## Task item
Only the pictures are to be dropped; return all other data below exactly.

## Exercise data

------------------------------------

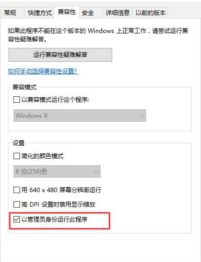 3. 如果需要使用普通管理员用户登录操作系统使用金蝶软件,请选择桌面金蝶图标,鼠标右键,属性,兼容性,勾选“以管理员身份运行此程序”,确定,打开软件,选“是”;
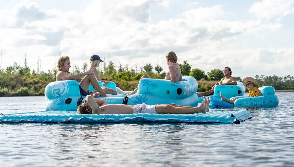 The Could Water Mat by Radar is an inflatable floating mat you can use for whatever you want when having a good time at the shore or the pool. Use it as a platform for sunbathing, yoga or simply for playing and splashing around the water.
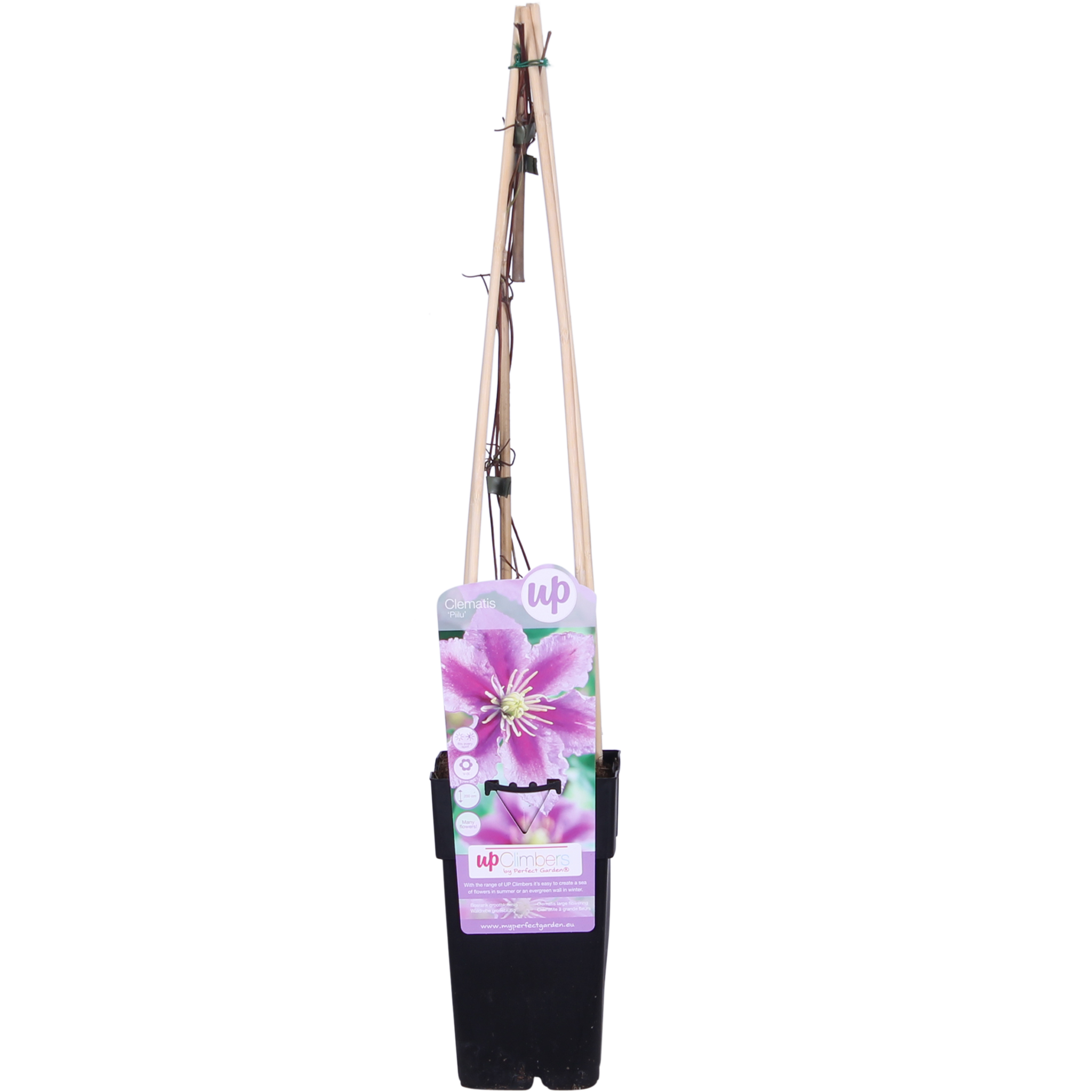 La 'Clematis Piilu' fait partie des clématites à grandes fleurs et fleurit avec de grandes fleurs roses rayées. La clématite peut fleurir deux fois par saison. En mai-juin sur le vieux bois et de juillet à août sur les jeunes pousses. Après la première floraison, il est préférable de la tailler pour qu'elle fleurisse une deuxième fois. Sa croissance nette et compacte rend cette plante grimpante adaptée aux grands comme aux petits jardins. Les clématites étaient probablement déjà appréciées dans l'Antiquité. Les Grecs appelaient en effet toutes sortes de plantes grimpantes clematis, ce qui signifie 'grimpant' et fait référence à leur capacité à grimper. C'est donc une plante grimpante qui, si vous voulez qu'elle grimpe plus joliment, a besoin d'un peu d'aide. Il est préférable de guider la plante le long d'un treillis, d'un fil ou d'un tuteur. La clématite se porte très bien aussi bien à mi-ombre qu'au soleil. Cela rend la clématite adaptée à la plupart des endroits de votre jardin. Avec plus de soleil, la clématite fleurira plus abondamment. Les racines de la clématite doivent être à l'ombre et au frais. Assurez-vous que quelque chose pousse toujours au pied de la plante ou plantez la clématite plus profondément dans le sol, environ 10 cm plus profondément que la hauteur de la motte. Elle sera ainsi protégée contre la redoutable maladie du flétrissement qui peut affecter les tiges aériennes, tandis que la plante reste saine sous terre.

------------------------------------

## Response to the exercise
 3. 如果需要使用普通管理员用户登录操作系统使用金蝶软件,请选择桌面金蝶图标,鼠标右键,属性,兼容性,勾选“以管理员身份运行此程序”,确定,打开软件,选“是”;
 The Could Water Mat by Radar is an inflatable floating mat you can use for whatever you want when having a good time at the shore or the pool. Use it as a platform for sunbathing, yoga or simply for playing and splashing around the water.
 La 'Clematis Piilu' fait partie des clématites à grandes fleurs et fleurit avec de grandes fleurs roses rayées. La clématite peut fleurir deux fois par saison. En mai-juin sur le vieux bois et de juillet à août sur les jeunes pousses. Après la première floraison, il est préférable de la tailler pour qu'elle fleurisse une deuxième fois. Sa croissance nette et compacte rend cette plante grimpante adaptée aux grands comme aux petits jardins. Les clématites étaient probablement déjà appréciées dans l'Antiquité. Les Grecs appelaient en effet toutes sortes de plantes grimpantes clematis, ce qui signifie 'grimpant' et fait référence à leur capacité à grimper. C'est donc une plante grimpante qui, si vous voulez qu'elle grimpe plus joliment, a besoin d'un peu d'aide. Il est préférable de guider la plante le long d'un treillis, d'un fil ou d'un tuteur. La clématite se porte très bien aussi bien à mi-ombre qu'au soleil. Cela rend la clématite adaptée à la plupart des endroits de votre jardin. Avec plus de soleil, la clématite fleurira plus abondamment. Les racines de la clématite doivent être à l'ombre et au frais. Assurez-vous que quelque chose pousse toujours au pied de la plante ou plantez la clématite plus profondément dans le sol, environ 10 cm plus profondément que la hauteur de la motte. Elle sera ainsi protégée contre la redoutable maladie du flétrissement qui peut affecter les tiges aériennes, tandis que la plante reste saine sous terre.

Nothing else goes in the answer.